Directions
Your answer must be the exact lines of the listing below that run from the line with "中国网财经10月14日讯日前" to the line with "Portalámparas para poner", ends included, and no pictures.

Stored data
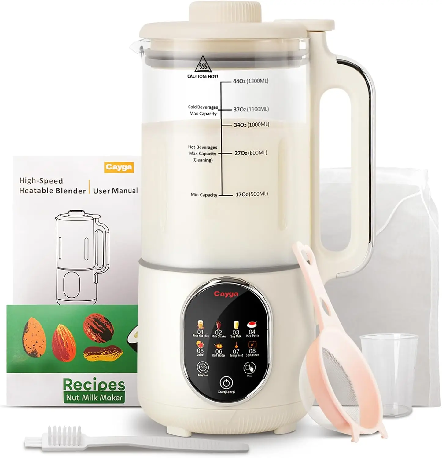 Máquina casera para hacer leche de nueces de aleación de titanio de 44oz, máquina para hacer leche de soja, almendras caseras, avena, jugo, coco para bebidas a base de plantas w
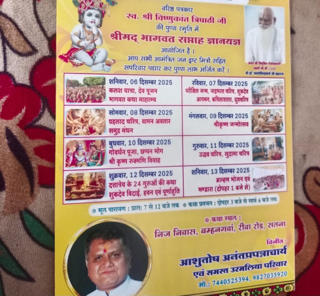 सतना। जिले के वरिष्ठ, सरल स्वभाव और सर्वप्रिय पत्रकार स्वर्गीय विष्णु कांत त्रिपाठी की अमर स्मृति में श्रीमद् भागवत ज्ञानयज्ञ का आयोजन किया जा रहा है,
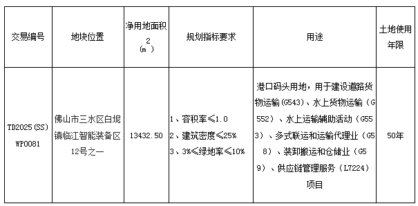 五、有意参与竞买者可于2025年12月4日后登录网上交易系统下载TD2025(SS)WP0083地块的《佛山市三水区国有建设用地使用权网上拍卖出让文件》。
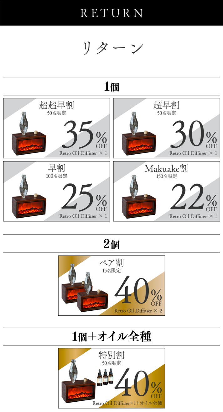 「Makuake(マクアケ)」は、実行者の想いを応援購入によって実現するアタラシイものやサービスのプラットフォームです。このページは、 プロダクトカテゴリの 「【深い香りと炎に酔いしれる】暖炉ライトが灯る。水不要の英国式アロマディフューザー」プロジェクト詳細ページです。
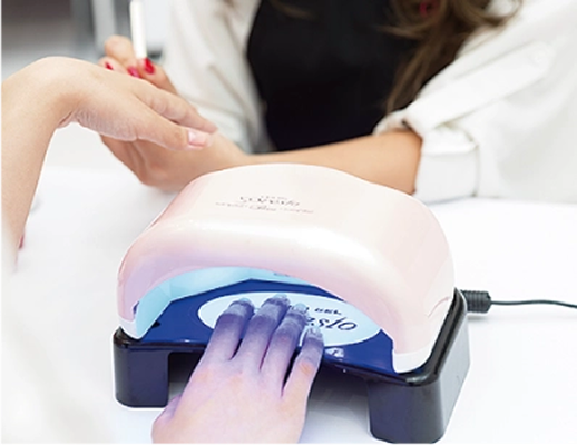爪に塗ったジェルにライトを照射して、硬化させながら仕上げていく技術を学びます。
---
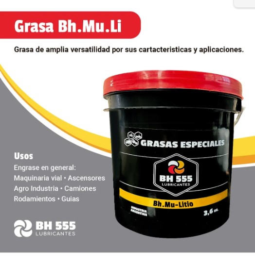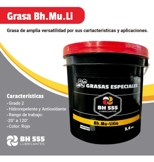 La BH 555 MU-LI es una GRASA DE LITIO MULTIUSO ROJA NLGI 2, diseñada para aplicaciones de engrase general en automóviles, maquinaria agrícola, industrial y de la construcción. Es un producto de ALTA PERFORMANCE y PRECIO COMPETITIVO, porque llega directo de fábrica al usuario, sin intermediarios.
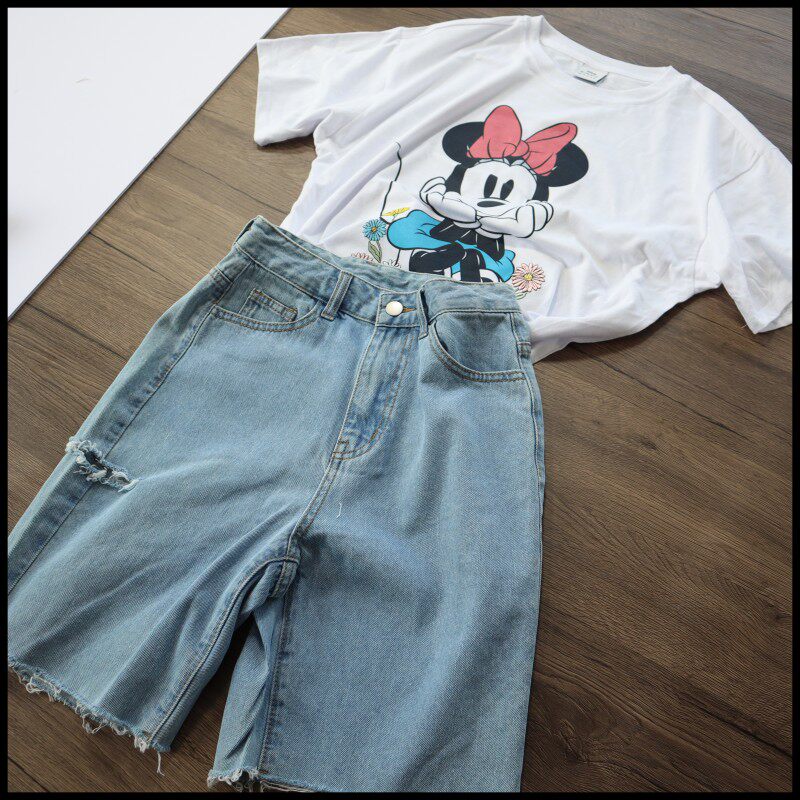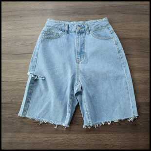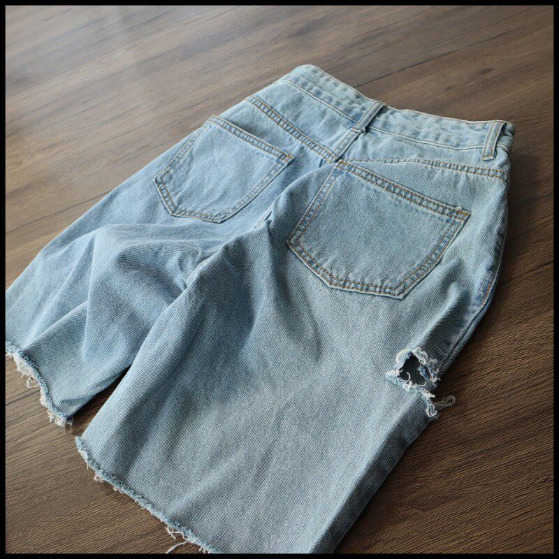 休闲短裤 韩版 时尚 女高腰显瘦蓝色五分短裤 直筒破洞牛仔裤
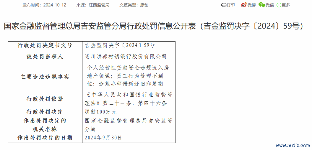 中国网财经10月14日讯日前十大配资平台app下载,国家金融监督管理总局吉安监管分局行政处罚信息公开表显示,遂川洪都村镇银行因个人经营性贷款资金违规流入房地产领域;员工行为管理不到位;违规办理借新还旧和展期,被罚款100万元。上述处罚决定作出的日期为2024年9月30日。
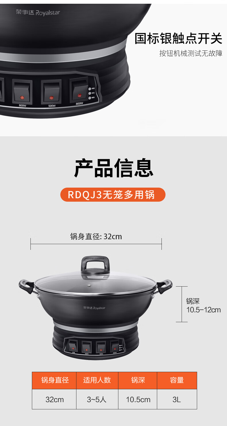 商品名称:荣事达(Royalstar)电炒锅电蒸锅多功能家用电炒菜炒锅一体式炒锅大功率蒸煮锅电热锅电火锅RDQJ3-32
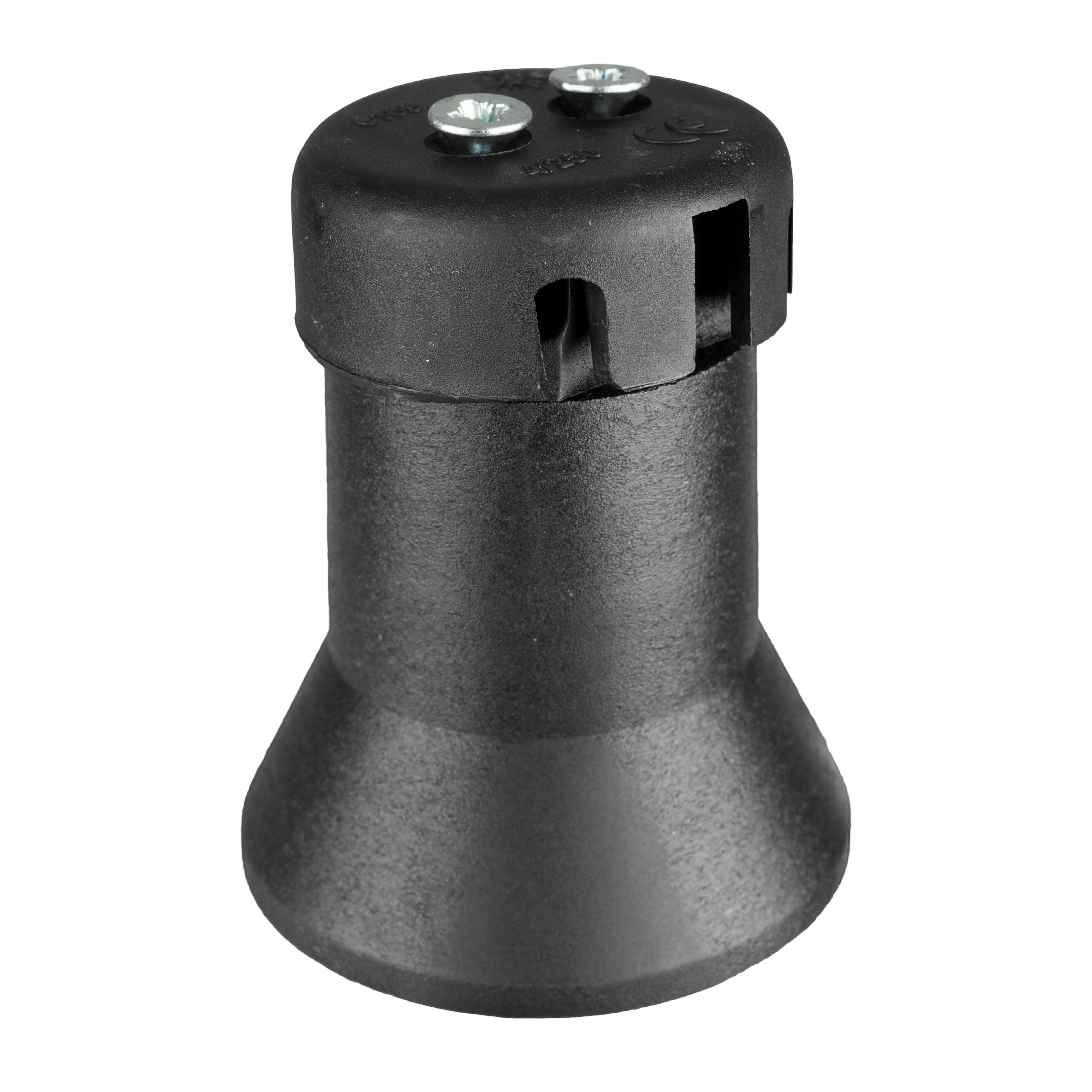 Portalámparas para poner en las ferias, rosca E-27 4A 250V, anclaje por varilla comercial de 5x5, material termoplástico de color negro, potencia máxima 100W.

Solution for this problem
 中国网财经10月14日讯日前十大配资平台app下载,国家金融监督管理总局吉安监管分局行政处罚信息公开表显示,遂川洪都村镇银行因个人经营性贷款资金违规流入房地产领域;员工行为管理不到位;违规办理借新还旧和展期,被罚款100万元。上述处罚决定作出的日期为2024年9月30日。
 商品名称:荣事达(Royalstar)电炒锅电蒸锅多功能家用电炒菜炒锅一体式炒锅大功率蒸煮锅电热锅电火锅RDQJ3-32
 Portalámparas para poner en las ferias, rosca E-27 4A 250V, anclaje por varilla comercial de 5x5, material termoplástico de color negro, potencia máxima 100W.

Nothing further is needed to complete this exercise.